I cobbled together a picture based on the concept I mentioned last post, here it is for your perusal.

Storycurve

2 comments:

Sylvyr Kat said...

"The way you have the story linked on the site makes it difficult to review all your content linearly without having to jump back to the main page and find the next chapter."

I added an index to the sidebar that should make finding the story parts easier, but I'm rather new to Blogger, so I'm still figuring things out. I'll put in a link at the bottom of each part that points to the next part when it is posted... that would help. Blogs mostly are 'most-recent-post-on-top', and it takes a bit of tinkering to get around that basic format.

"Kaylli, Leydon, etc... . Why not George, Sally, John, or Amos?"

The story takes place a couple of thousand years from now, and naming conventions have changed quite a bit in just the last hundred years or so. For example, 'Jesus' is a famous name, but his contemporaries spelled it Yeshua, and if he wasn't so famous, we'd spell it Joshua.

I try to make names that have a resonance with modern readers, while being noticeably un-ordinary. One of my stories has a character named "Rorge", as sort of a blend of 'George' and 'Roger'.

"Even the Village of Redford can have remnants of the old world like metal carcasses of ancient machinery (autos, buildings, tools) converted to something useful for Redford."

Look at how hard it is to find and study examples of daily life in sites that were around in Jesus's time, which is a comparable amount of time ago from our day, as this story is to us. Not much remains from the industrial ages.

For a story that covers the finding of "modern" artifacts, and how such information is restricted, see the short story "The Forgotten Hero", also on this blog. Our museums are full of the rusted relics of Americana from just a century or two ago... when you get to ten times that amount of time, there isn't a lot that's going to be left.

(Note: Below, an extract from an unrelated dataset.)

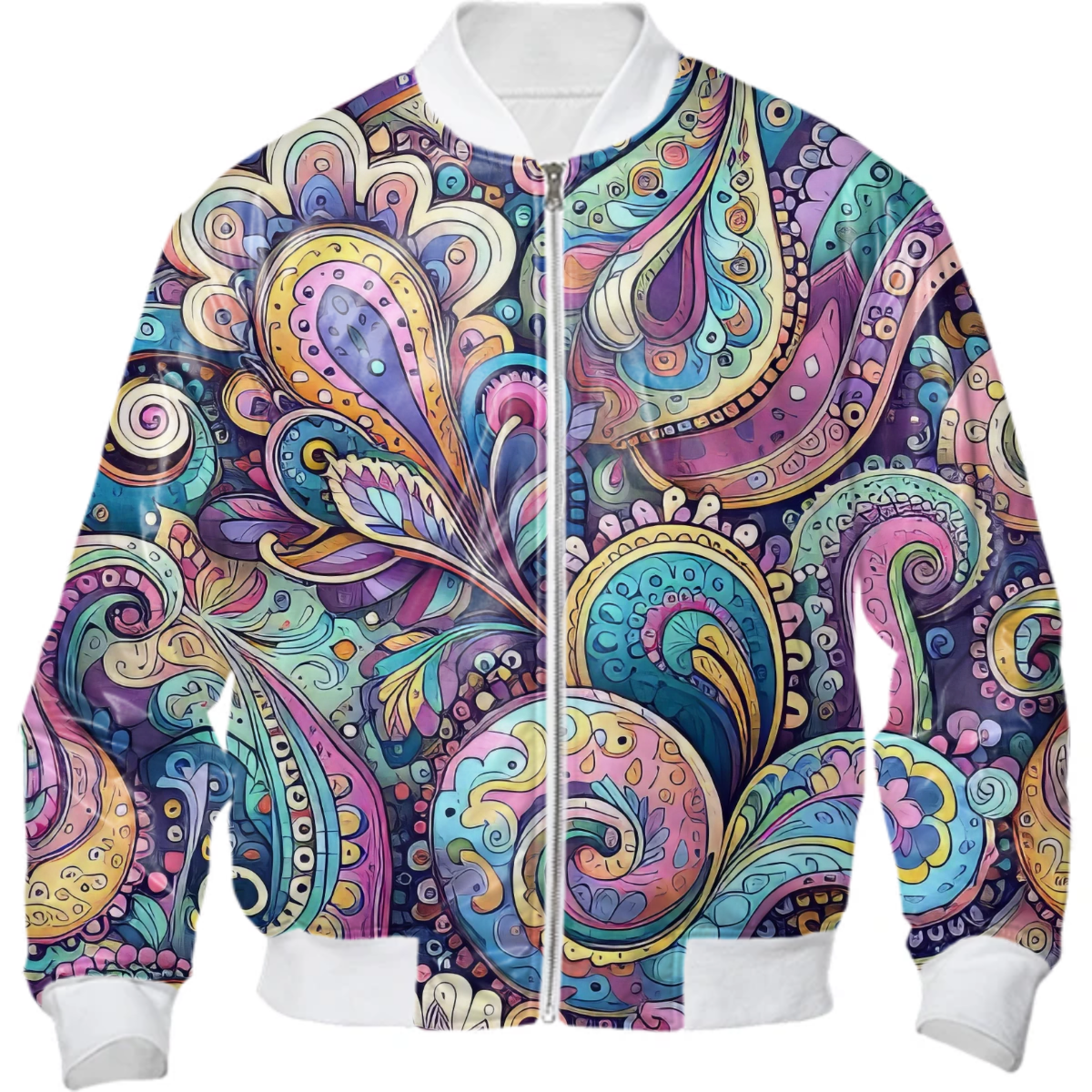 Light weight bombr jacket with your choice of white or black ribbing slight padding zip up front and side pockets. The inside is adorned with PAOM straps for swinging over your shoulders so you dont have to hold it.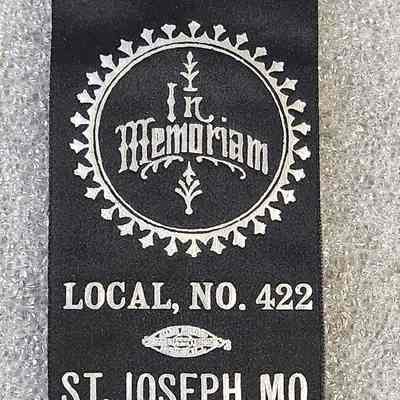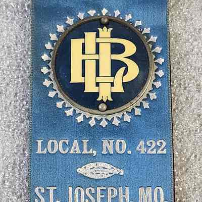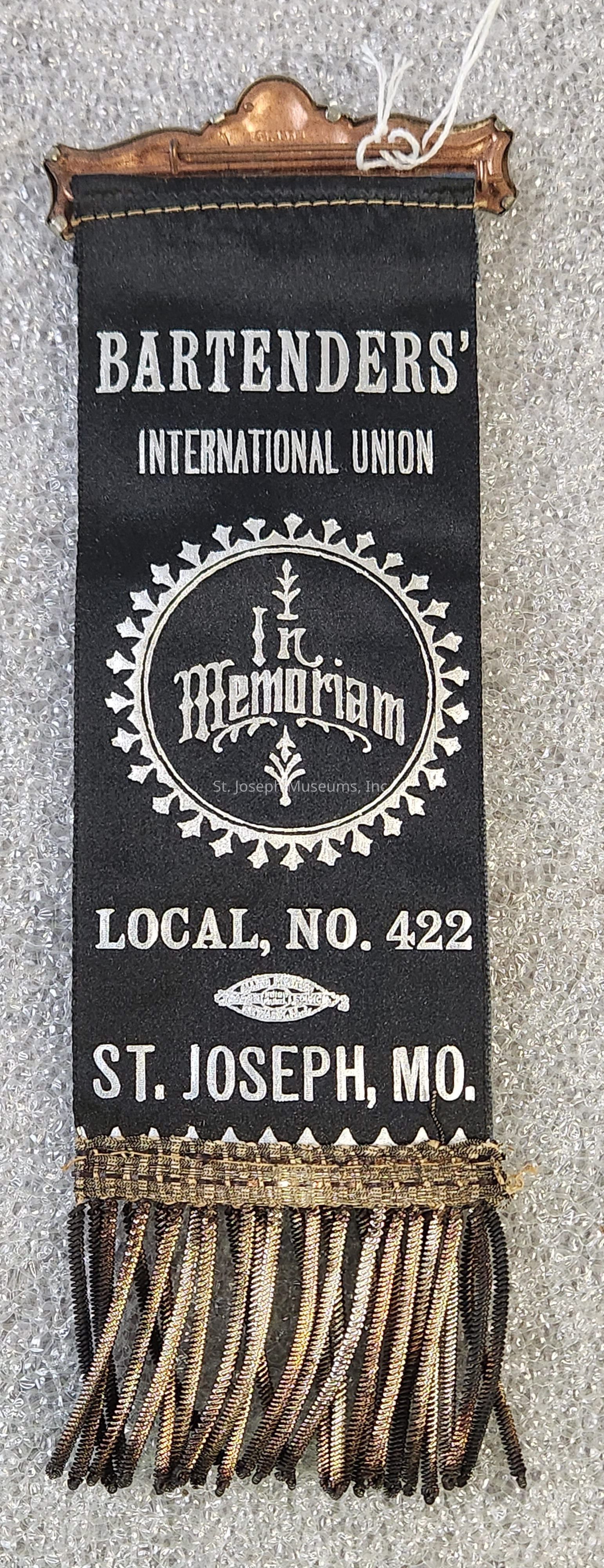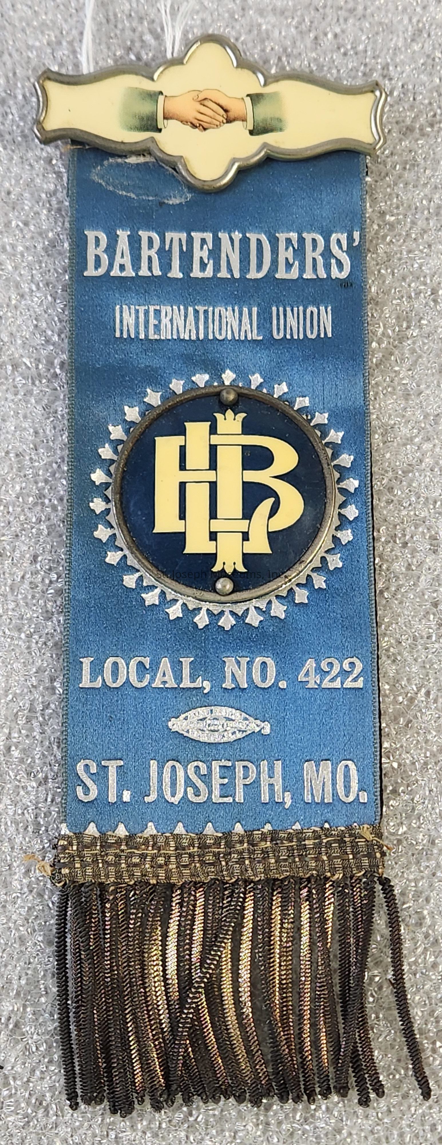 Ribbon/Blue/Silver Print/ "Bartenders' International Union Local, No. 422 St. Joseph, Mo."/Metal and Plastic Pin and Centerpiece/Image of Two Hands Shaking/Interlocking "BIL"/8 ¼"x3"x ½"/Paper Envelope with String/9 ½"x3 ½".Collection

As for your comment on characters, I don't see them as being that stereotypical, but I can probably work on it. There is growth that Kaylli is going to have to go through before the story ends, and that might address your concerns with her. I avoid "Romances" per se, but I do enjoy Science Fiction with a romantic twist, such as in the writings of Anne McCaffrey.

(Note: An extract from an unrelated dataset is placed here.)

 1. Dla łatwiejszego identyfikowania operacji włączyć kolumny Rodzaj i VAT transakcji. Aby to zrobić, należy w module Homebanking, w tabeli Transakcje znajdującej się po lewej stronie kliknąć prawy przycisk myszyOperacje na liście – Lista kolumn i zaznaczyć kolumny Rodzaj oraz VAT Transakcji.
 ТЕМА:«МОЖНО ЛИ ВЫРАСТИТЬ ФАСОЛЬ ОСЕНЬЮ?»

"Tell more about the genetic wars and their offspring. What is the world of Bloodrose like now - preindustrial? Feudal? Why the current conflict?"

Again, "The Forgotten Hero" will give you a bit more about the genetic wars, from the point of view from one of the races created for it, the Lupines. The Malkar are also a genetic war race, but their similarity to humanity is the sole exception rather than the norm.

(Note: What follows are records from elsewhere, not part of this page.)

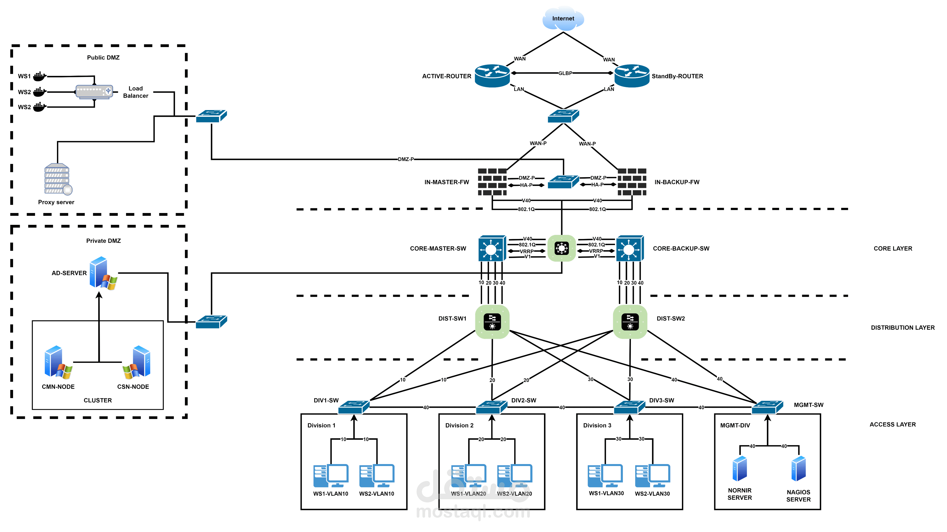 In this project, I've built a robust high-availability infrastructure aimed at preventing any potential issues from impacting its operations. The strategy revolves around implementing redundancy, automation, and comprehensive device monitoring. The ultimate objective is to maximize uptime and ensure continuous availability of all components within the infrastructure.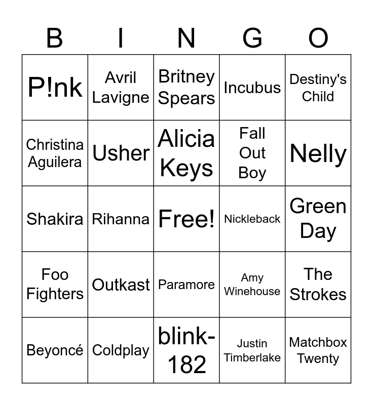 This bingo card has a free space and 24 words: Outkast, Coldplay, Alicia Keys, Beyoncé, Destiny's Child, P!nk, Christina Aguilera, Avril Lavigne, Nickleback, Paramore, Fall Out Boy, Shakira, Amy Winehouse, The Strokes, Usher, Justin Timberlake, Green Day, Britney Spears, Nelly, Rihanna, Matchbox Twenty, Foo Fighters, Incubus and blink-182.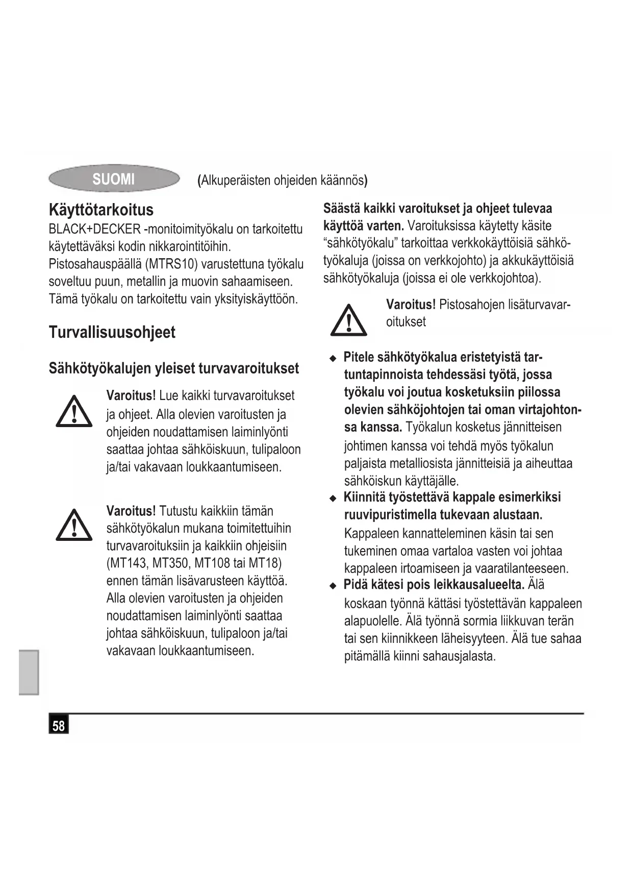 KÄYTTÖOHJE MTRS10 BLACK & DECKER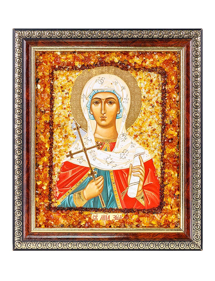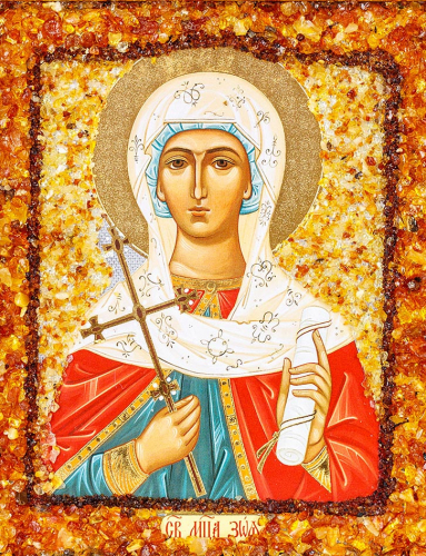 Икона, украшенная россыпью янтаря «Святая мученица Зоя»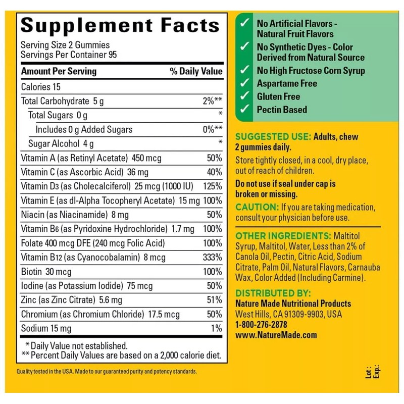 - This bundle include One Nature Mades Zero Sugar Multi Gummies, 190 Count. Provides Key nutrients help support a healthy immune system, bone and muscle health, and energy metabolism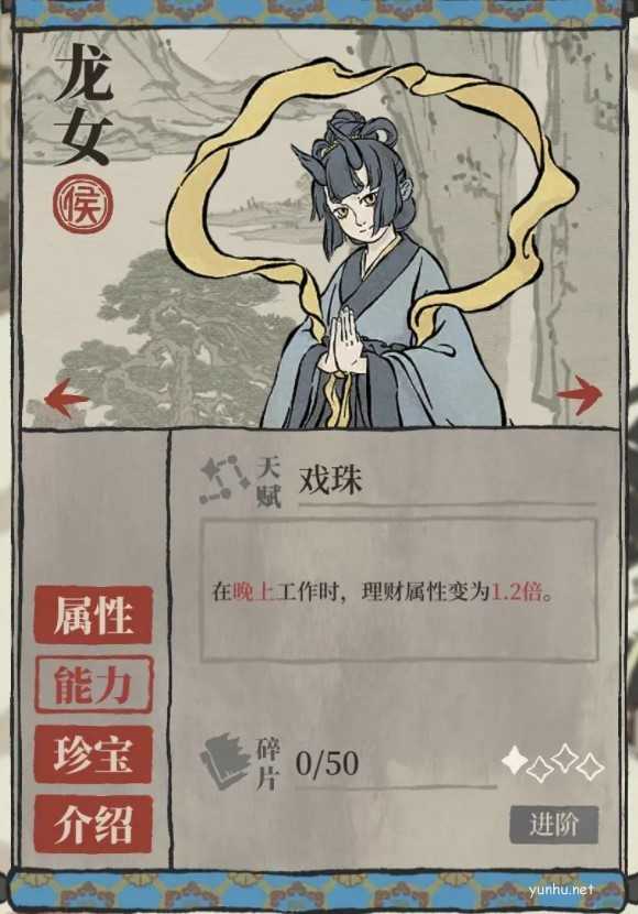 1、龙女是个侯级角色,适合搭配增加制作的珍宝,龙女的天赋在晚上发挥作用;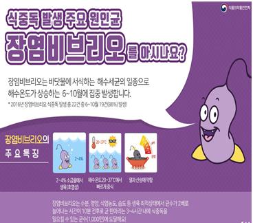 장염비브리오(원인균 : Vibrio parahaemolyticus)는 바닷물에서 생존하는 식중독균으로, 최근 3년간 수온이 상승하는 여름철(7~9월)에 장염비브리오 환자(597명)의 95%가 집중적으로 발생했다.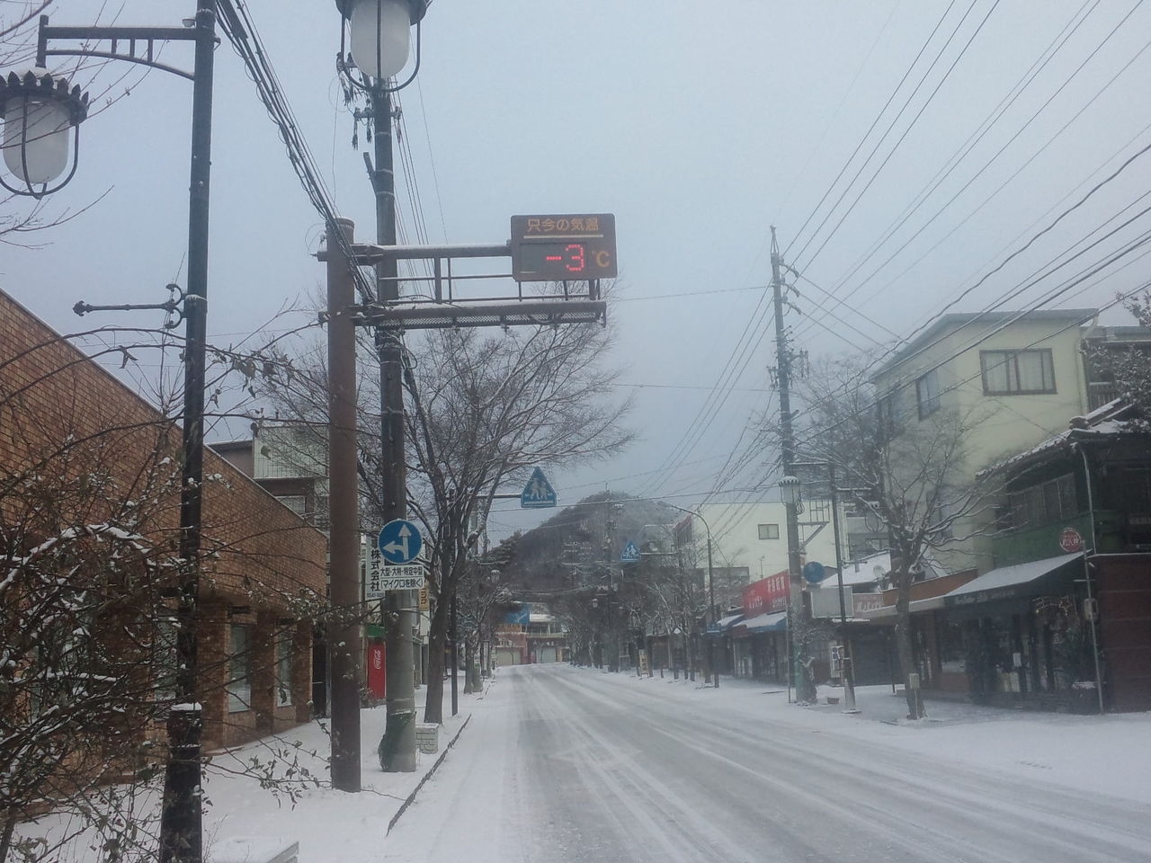今朝の軽井沢の気温はマイナス3℃。天気は雪が降ってます。滑るのでご注意ください。

Mereka is pre-industrial (little better than medieval, I said in a post), and the story has Malkar Lords and a King who rules over the Homan peasantry, which I thought was evident from the text.

I have literally decades of thought and development in this world, and it would be too much exposition to dump it all on the reader in any given story. It is behind the logic of everything that happens, but I treat in stories as if it is the normal state of affairs, which for them, it is.

To do otherwise would be like interrupting a story about our middle America and it's values with a lecture on the American Revolution, and how that served to shape the nation from the European culture it sprang from. Boring, and not relevant to that particular story, which is about things that assume all that, but doesn't need to spell it out... does that make any sense?

The current conflict is the requirement for Redford to have to host and support the troops of the local lord. It's called Billeting, and it was one of the reasons why the 13 colonies rebelled from England. More complications and conflict will come into play as the story progresses.

Oh, and it's Steelheart, not SilverArrow. =)

Thanks for commenting!

Anonymous said...

Dude ur site is perfect and ur soooo cool hey 1 thing thou go to google and search in images 4 either sana_bloodyrose or just blood rose try dat and leave meh a comment if you have time (which i really doubt) cya!